OBBLIGO DI DENUNCIA PRIVACY E CONSENSO INFORMATO ORDINE
OBBLIGO DI DENUNCIA, PRIVACY E CONSENSO INFORMATO ORDINE DEGLI PSICOLOGI DELLA TOSCANA 19 febbraio 2016 AVV. VINCENZO FARNARARO AVV. CRISTINA MOSCHINI
OBBLIGO DI DENUNCIA: PREMESSA • Lo svolgimento della professione di psicologo, come le altre professioni intellettuali, implica aspetti di rilevanza pubblicistica, che giustificano il suo ordinamento. • In più, si tratta di una professione sanitaria. • Queste caratteristiche impongono al professionista particolari cautele e comportamenti anche “attivi” a tutela della categoria e degli utenti, nel preminente interesse pubblico. • Tra tali comportamenti attivi assume particolare rilievo l’obbligo di denuncia, in ambito penale e deontologico
IN AMBITO PENALE • Il tema dell’obbligo di “denuncia” in ambito penale in relazione a fatti appresi nel corso dell’attività professionale è correlato al dovere di segreto professionale • Si può anzi affermare che l’istituto del segreto professionale prevale, in rapporto di regola ad eccezione, sull’obbligo di denuncia
Le norme di legge direttamente rilevanti Rilevano, in primo luogo, alcuni articoli dei codici penale e di procedura penale Ma proprio perché si tratta di una professione ordinistica, vedremo che assumono rilievo, nello specifico, anche norme del codice deontologico degli psicologi
Art. 200 codice procedura penale • • Segreto professionale. 1. Non possono essere obbligati a deporre su quanto hanno conosciuto per ragione del proprio ministero, ufficio o professione, salvi i casi in cui hanno l'obbligo di riferirne all'autorità giudiziaria: a) i ministri di confessioni religiose, i cui statuti non contrastino con l'ordinamento giuridico italiano; b) gli avvocati, gli investigatori privati autorizzati, i consulenti tecnici e i notai; c) i medici e i chirurghi, i farmacisti, le ostetriche e ogni altro esercente una professione sanitaria; d) gli esercenti altri uffici o professioni ai quali la legge riconosce la facoltà di astenersi dal deporre determinata dal segreto professionale. 2. Il giudice, se ha motivo di dubitare che la dichiarazione resa da tali persone per esimersi dal deporre sia infondata, provvede agli accertamenti necessari. Se risulta infondata, ordina che il testimone deponga.
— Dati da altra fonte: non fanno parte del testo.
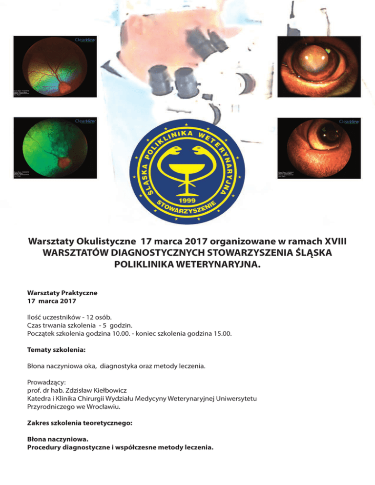 Warsztaty Okulistyczne 17 marca 2017 organizowane w ramach XVIII WARSZTATÓW DIAGNOSTYCZNYCH STOWARZYSZENIA ŚLĄSKA POLIKLINIKA WETERYNARYJNA. Warsztaty Praktyczne 17 marca 2017 Ilość uczestników - 12 osób. Czas trwania szkolenia - 5 godzin. Początek szkolenia godzina 10.00. - koniec szkolenia godzina 15.00. Tematy szkolenia: Błona naczyniowa oka, diagnostyka oraz metody leczenia. Prowadzący: prof. dr hab. Zdzisław Kiełbowicz Katedra i Klinika Chirurgii Wydziału Medycyny Weterynaryjnej Uniwersytetu Przyrodniczego we Wrocławiu. Zakres szkolenia teoretycznego: Błona naczyniowa. Procedury diagnostyczne i współczesne metody leczenia. Anatomia i fizjologia błony naczyniowej. - tęczówka, - ciało rzęskowe, - naczyniówka i jej rola w utrzymywaniu bariery krew-oko. Reakcje patologiczne warstwy naczyniowej oka z uwzględnieniem stanów zapalnych oraz powikłań immunologicznych. - zapalenie bony naczyniowej (uveitis), - zapalenie tęczówki (iritis), - zapalenie ciała rzęskowego (cyclitis), - zapalenie przedniej części naczyniówki - zapalenie tęczówki i zapalenie ciała rzęskowego (anterior uveitis, irydocyclitis), - zapalenie tylnej części naczyniówki (posterior uveitis, chorioiditis ), - zapalenie tylnej części naczyniówki i siatkówki z pierwotnym ogniskiem w siatkówce (retinochoroiditis), - zapalenie całości błony naczyniowej (panuveitis), - błona naczyniowa jako tkanka kompetentna immunologiczne, - choroby autoimmunologiczne, - ostre zapalenie błony naczyniowej, - przewlekłe zapalenie błony naczyniowej, - zapalenie tęczówki i ciała rzęskowego spowodowane antygenem soczewkowym (uveitis phacoanaphilactica), - inne patologie naczyniówki ( torbiele, nowotwory etc.). Przyczyny zapalenia błony naczyniowej u psów i kotów. - wrzód rogówki w aspekcie zapalnie błony naczyniowej, - urazy prowadzące do zapalnie błony naczyniowej, - infekcje wirusowe, bakteryjne, grzybice układowe, parazytozy, Mycoplasma, - zapalnie błony naczyniowej tła immunologicznego, - nadciśnienie tętnicze jako przyczyna zapalenie błony naczyniowej, - LIU uveitt (lens inducted uveit), - zabiegi operacyjne na gałce ocznej, a zapalenie błony naczyniowej, - jatrogenne zapalenie błony naczyniowej, - zapalenie błony naczyniowej w aspekcie farmakoterapii innych schorzeń. Wady wrodzone błony naczyniowej oraz zaburzenia pigmentacji. Nieprawidłowości źrenicy i tęczówki; - przemieszczenie źrenicy (corectopia), - niesymetryczne rozmieszczenie źrenic, - więcej niż jedna źrenica (polikoria), - szczelina (coloboma) , - brak tęczówki (aniridia), - ubytek części tęczówki, - hipoplazja tęczówki, - zaburzenia pigmentacji tęczówki ; heterochromia, znamię, zespół Waardenburga, albinizm. - przetrwała błona źreniczna PPM. Torbiele i nowotwory błony naczyniowej. - torbiele, pierwotne i wtórne guzy nowotworowe. Diagnostyka zapalenia błony naczyniowej. - badanie kliniczne, - efekt Tyndalla, pomiar ciśnienia śródgałkowego IOP - Następstwa zapalnia błony naczyniowej. -jaskra, -zaćma, obwodowe zrosty przednie oraz tylne, - odwarstwienie oraz zanik siatkówki. - Urazowe zapalenia błony naczyniowej. - perforujące rany rogówki, -krwistek. Terapia farmakologiczna chorób błony naczyniowej. - ogólne zasady terapeutyczne, - kortykosteroidy, niesteroidowe leki przeciwzapalne, - leki immunosupresyjne. - II część praktyczna A - Badanie przedniej części oka. - biomikroskopia stereoskopowa z wykorzystaniem lampy szczelinowej. C - Badanie dna oka oftalmoskopia bezpośrednia i pośrednia w praktyce weterynaryjnej z prezentacją kliniczną. - oftalmoskop bezpośredni, - oftalmoskop pośredni jednooczny ( Panoptic), - oftalmoskop pośredni obuoczny ( Heine), - asferyczne lupy oftalmologiczne, - cyfrowa kamera dna oka Clear View, - analogowa funduscamera (Nidek), - rejestracja obrazu siatkówki Welch Allyn iExaminer Pan Optic iPhone. D - wybrane zabiegi na tęczówce stosowane w praktyce weterynaryjnej. - irydektomia w przypadku perforujących ran rogówki z uszkodzeniem tęczówki, - irydocyclectomia w przypadku chorób nowotworowych, - sfinkterotomia w przy braku odpowiedniego rozszerzenia źrenicy w przypadku ekstrakcji zwichniętej w kierunku tylnym soczewki. Zajęcia praktyczne na spreparowanych świńskich gałkach ocznych prowadzone na stanowisku wyposażonym w okulistyczny mikroskop operacyjny. E - Mariusz Michalski Kruuse Polska Sp. z o.o - www.kruuse.com/pl prezentacja cyfrowej kamery Clearview do badania dna oka zapewniającej dokładne badanie oraz archiwizację, drukowanie i przesyłanie pozyskanych obrazów bezpośrednio na komputerze za pomocą USB. Wysoka rozdzielczość obrazu i cyfrowy zapis w czasie rzeczywistym obrazu siatkówki. Dodatkowy zestaw optyczny z regulowanym natężeniem światła do robienia zdjęć rogówki. Ilość miejsc ograniczona: 12 osób. Miejsce szkolenia: Gabinet Weterynaryjny 40-144 Katowice ul. Józefowska 40B. www.klinwetsilesiacenter.pl Z uwagi na wysokospecjalistyczny charakter zajęć w celu uczestnictwa niezbędne wcześniejsze zgłoszenie: dr n. wet. Marek Kostrzewski, kom. 501 955 017, [email protected] Wyposażenie techniczne dzięki zaangażowaniu firm medycznych: Kruuse Polska Sp. z o.o - www.kruuse.com/pl Seliga Microscopes Sp. z o.o. - www.seliga.pl Abj-Vision sp. z o.o. - www.abj-vision.pl

ART. 622 COD. PEN. • Rivelazione di segreto professionale. • Chiunque, avendo notizia, per ragione del proprio stato o ufficio, o della propria professione o arte, di un segreto, lo rivela, senza giusta causa, ovvero lo impiega a proprio o altrui profitto, è punito, se dal fatto può derivare nocumento, con la reclusione fino a un anno o con la multa da euro 30 a euro 516. • La pena è aggravata se il fatto è commesso da amministratori, direttori generali, dirigenti preposti alla redazione dei documenti contabili societari, sindaci o liquidatori o se è commesso da chi svolge la revisione contabile della società. • Il delitto è punibile a querela della persona offesa
LE ECCEZIONI ALL’OBBLIGO DI MANTENERE IL SEGRETO PROFESSIONALE A) QUANDO SUSSISTE OBBLIGO DI DENUNCIA AI SENSI DEGLI ARTT. 361 E 362 A CARICO DI PUBBLICO UFFICIALE O INCARICATO DI PUBBLICO SERVIZIO B) QUANDO SUSSISTE OBBLIGO DI REFERTO PER GLI ESERCENTI LA PROFESSIONE SANITARIA
Obbligo di denuncia (artt. 361 e 362 c. p. ) • Queste due ipotesi presuppongono il ruolo di pubblico ufficiale o incaricato di pubblico servizio, e quindi ineriscono i casi di professionista che opera in strutture pubbliche • Richiedono che lo stesso abbia avuto “notizia” di un reato perseguibile d’ufficio, e tale notizia può essere desunta in qualsiasi modo, quindi non solo in sede strettamente professionale
361 c. p. • Omessa denuncia di reato da parte del pubblico ufficiale. • Il pubblico ufficiale, il quale omette o ritarda di denunciare all'autorità giudiziaria, o ad un'altra autorità che a quella abbia obbligo di riferirne, un reato di cui ha avuto notizia nell'esercizio o a causa delle sue funzioni , è punito con la multa da euro 30 a euro 516. • La pena è della reclusione fino ad un anno, se il colpevole è un ufficiale o un agente di polizia giudiziaria, che ha avuto comunque notizia di un reato del quale doveva fare rapporto. • Le disposizioni precedenti non si applicano se si tratta di delitto punibile a querela della persona offesa.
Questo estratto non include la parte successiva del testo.